[lbo-talk] Philip Mirowski - Social Physicist

c b cb31450 at gmail.com
Fri Mar 5 09:07:23 PST 2010


Vincent Clarke pclarkepvincent at gmail.com


> ^^^^^^
> CB: Once you get to two binary oppositions related, you have a
> structure and a metaphor.
>
> ^^^^^^^^
>
>
Again, no, this is incorrect. One cannot arbitrary create metaphors through just any binary opposition. Watch:

"The moon that night shone like a curled toe"

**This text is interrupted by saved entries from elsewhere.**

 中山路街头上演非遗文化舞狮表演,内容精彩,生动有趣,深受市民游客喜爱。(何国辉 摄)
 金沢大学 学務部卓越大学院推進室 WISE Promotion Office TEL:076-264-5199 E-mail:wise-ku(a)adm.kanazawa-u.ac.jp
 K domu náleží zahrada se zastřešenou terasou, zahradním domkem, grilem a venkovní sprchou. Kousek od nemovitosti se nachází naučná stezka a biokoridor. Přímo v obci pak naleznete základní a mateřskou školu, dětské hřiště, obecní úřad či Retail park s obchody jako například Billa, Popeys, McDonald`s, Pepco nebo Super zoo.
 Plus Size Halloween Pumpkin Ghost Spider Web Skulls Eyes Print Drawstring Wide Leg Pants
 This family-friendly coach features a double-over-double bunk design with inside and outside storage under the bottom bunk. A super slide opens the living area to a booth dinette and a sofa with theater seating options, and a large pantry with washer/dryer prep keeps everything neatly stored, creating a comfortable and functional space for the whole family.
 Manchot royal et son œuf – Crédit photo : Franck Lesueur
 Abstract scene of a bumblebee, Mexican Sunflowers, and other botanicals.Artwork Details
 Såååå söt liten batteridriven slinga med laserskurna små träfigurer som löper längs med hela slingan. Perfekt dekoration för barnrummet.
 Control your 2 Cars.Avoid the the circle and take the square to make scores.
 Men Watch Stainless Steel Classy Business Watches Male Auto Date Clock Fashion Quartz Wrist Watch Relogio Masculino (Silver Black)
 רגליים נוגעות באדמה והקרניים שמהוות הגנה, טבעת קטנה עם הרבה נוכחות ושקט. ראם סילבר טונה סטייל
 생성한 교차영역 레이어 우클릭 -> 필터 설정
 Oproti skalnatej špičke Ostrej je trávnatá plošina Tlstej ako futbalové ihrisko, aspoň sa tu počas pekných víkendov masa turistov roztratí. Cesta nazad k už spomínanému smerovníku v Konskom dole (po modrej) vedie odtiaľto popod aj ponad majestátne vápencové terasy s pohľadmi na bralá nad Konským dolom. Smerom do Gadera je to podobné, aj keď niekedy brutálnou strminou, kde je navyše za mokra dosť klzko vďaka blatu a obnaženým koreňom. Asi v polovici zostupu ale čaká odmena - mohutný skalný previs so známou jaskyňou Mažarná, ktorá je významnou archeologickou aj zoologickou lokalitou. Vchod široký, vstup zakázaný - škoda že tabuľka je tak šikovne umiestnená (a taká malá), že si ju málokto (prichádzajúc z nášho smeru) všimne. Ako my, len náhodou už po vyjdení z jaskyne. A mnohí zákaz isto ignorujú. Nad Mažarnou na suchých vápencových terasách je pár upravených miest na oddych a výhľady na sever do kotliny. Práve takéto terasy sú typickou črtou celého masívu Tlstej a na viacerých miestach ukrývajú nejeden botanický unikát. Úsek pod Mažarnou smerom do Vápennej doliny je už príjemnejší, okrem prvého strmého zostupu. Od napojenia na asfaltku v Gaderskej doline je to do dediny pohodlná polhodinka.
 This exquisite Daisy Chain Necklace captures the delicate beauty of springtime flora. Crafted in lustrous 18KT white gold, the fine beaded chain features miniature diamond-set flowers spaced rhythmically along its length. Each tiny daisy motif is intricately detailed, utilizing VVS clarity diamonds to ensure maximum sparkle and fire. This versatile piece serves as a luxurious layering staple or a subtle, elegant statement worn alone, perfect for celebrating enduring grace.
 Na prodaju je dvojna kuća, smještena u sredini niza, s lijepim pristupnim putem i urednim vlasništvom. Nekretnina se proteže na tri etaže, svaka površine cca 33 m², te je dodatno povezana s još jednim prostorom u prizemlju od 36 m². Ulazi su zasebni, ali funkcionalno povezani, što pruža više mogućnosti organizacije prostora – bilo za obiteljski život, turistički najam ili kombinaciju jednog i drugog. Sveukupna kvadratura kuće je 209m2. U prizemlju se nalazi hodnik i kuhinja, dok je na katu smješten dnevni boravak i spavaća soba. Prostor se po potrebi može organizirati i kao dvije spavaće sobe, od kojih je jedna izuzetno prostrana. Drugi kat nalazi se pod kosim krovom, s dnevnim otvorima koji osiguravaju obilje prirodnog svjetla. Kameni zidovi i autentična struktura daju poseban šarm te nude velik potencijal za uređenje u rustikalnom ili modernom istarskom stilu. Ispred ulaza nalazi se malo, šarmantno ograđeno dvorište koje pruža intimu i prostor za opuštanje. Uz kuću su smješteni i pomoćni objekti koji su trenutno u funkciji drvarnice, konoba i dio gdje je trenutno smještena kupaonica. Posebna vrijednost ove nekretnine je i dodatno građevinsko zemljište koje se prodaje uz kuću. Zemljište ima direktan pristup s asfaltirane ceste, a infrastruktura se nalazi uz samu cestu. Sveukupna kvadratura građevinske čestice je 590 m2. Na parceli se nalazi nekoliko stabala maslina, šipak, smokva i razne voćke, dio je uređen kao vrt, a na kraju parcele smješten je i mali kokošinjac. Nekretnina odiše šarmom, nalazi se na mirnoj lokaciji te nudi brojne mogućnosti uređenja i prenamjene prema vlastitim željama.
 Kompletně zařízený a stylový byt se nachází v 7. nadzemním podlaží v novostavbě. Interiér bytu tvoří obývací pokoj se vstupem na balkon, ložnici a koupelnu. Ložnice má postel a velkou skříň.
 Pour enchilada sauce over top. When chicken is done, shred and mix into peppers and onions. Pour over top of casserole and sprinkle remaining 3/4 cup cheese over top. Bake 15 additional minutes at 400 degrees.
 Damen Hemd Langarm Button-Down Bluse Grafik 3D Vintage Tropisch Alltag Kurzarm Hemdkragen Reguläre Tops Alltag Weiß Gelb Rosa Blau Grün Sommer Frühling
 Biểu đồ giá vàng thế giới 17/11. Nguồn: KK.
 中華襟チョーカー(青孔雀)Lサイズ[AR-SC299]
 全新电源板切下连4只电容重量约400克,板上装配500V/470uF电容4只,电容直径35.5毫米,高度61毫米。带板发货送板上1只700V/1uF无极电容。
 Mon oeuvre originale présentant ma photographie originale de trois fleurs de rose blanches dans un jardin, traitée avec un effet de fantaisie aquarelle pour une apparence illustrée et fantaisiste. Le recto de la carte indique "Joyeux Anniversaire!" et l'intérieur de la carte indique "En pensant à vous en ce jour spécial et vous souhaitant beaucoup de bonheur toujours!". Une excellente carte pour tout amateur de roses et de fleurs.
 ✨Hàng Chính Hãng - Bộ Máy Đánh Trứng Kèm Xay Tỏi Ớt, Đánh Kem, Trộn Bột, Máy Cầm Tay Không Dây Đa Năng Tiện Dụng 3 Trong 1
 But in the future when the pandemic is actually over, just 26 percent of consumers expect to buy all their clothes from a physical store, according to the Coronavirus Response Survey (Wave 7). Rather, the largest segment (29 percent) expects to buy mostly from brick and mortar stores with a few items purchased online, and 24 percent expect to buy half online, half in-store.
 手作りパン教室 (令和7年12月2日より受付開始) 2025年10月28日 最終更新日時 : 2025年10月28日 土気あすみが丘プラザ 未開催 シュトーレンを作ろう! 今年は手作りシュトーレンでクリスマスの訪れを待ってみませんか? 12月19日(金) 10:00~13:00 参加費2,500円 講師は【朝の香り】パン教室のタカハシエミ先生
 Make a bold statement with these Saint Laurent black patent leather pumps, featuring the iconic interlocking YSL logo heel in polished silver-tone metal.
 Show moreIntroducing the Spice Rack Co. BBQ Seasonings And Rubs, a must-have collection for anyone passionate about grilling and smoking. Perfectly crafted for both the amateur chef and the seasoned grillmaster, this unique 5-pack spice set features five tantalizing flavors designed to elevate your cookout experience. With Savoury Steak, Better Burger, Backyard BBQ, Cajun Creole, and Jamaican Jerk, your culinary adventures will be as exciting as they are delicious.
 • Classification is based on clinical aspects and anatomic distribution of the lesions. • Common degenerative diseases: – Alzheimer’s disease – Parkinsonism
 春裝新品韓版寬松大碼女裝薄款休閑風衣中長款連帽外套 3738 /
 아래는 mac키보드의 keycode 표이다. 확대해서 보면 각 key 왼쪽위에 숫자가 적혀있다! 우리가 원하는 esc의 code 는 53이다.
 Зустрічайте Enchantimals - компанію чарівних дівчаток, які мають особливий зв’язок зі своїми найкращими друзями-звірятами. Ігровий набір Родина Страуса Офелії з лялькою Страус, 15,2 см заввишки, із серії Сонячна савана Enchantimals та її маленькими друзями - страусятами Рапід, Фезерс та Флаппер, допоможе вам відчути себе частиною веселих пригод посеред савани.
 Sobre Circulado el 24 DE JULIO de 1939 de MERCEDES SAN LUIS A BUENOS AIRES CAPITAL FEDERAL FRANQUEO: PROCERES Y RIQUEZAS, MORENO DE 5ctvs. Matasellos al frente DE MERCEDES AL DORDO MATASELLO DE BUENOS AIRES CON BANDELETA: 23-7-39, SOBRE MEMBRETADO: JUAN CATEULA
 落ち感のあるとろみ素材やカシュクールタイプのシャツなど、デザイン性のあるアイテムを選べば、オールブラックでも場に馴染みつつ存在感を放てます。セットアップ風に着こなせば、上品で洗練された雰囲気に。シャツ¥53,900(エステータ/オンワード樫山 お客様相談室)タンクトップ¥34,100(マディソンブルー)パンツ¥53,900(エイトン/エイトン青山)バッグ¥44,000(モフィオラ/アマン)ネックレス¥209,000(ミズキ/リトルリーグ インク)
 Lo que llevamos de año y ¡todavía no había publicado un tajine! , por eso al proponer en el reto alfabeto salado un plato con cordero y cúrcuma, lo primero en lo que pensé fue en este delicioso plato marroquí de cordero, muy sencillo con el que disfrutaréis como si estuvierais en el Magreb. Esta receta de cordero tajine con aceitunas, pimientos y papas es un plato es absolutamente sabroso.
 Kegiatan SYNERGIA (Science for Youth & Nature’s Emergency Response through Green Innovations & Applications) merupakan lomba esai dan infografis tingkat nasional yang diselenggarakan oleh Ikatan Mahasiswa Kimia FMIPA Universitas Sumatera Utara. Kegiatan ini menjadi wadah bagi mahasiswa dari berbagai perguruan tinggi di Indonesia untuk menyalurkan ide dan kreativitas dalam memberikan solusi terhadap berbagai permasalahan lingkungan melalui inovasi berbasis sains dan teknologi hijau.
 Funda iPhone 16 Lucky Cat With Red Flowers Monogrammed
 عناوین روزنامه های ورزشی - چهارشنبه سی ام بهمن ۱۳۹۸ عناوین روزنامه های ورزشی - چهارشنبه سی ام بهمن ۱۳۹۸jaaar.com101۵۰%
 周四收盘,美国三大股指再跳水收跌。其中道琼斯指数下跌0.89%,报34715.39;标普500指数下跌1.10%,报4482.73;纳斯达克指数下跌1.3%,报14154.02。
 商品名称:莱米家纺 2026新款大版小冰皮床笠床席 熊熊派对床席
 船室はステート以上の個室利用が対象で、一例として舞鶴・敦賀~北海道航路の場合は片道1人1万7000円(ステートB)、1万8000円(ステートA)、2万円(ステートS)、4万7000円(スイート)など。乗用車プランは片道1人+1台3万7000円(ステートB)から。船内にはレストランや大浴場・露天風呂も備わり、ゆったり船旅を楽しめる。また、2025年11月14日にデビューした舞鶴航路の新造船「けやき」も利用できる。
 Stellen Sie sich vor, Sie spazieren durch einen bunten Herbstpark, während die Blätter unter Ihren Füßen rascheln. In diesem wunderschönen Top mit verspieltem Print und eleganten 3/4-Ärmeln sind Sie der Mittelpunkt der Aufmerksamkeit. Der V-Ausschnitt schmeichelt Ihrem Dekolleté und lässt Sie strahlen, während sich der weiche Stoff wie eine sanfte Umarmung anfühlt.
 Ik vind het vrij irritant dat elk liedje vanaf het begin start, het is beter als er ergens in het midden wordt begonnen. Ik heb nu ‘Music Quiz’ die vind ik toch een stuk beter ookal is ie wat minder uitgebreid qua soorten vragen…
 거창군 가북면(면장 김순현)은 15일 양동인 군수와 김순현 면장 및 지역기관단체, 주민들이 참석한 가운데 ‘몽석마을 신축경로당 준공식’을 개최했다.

Perhaps that's the start of a mediocre Surrealist poem, but if I spoke like that to everyone I encountered I'd be sure to find myself in a psyche-ward rather quickly. Structure are the rules that govern understanding, just like - to go back to where we started with this - the Law is the body of rules governing our definitions of right and wrong; or, to continue with your example, structuring what judgements are going to be passed in particular cases (euthanasia, gay marriage, but also murder and rape).

^^^^^^^ CB: Exactly, above you act like a poet using metaphors. Poets are like little culture creators.

The arbitrariness refers to there being no "natural" analogy. And the arbitrariness also refers to the fact that the identity of the two relationships is due to the specific history of the culture in question. It is precisely the arbitrariness of the sign (in French; "symbol" in English) that Structural linguistics ( the model for Levi-Straussian structural anthropology) has as a fundamental principle. I'm not arbitrarily making metaphors, like a poet. The past generations of people in each culture have developed arbitrary or historical or cultural symbols, signs, meanings.

The metaphors in your Chinese example are meaningless to a non-Chinese exactly because they are arbitrary results of Chinese history.